Anyone have any experience with these systems? I need to start using Co2 and due to my work schedule and my tank this would be the easiest route. Im looking at either the Dr foster and smith setup or the Aquarium Plants.com. Any other suggestions would be great. Thanks


----------



## shawn74 (Dec 16, 2009)

I recently purchased an automated pressurized CO2 setup from a friend of mine. I know that he bought it from aquacave.com back in February and it came with the 5lb tank, AM 1000 reactor, regulator w/ bc, and Milwaukee pH controller. While I'm still working on fine-tuning my controller and bps, it pretty much takes care of itself. You will always have to check your water chemistry, but as far as injecting CO2 this is about as low of a maintenance setup as you can ask for. This is just my opinion and based on my experience so take it for what it's worth.
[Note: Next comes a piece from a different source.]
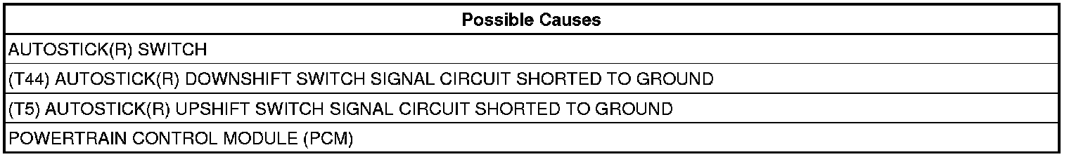 - Repair the (T44) AutoStick(R) Downshift Switch Signal circuit for a short to ground.

Good luck and just a warning, planted tanks are an addiction!


----------



## WhiteGloveAquatics (Sep 3, 2009)

I bought the aquariumplants.com regulator, two 5# tanks and a c1000 reactor from them, A+ is all I can say, their stuff is idiot proof, you hook up the hoses to the reactor, hook the airline between the reactor and regulator, plug it all in and away you go 5 minutes of tweaking and it is still rocking.


----------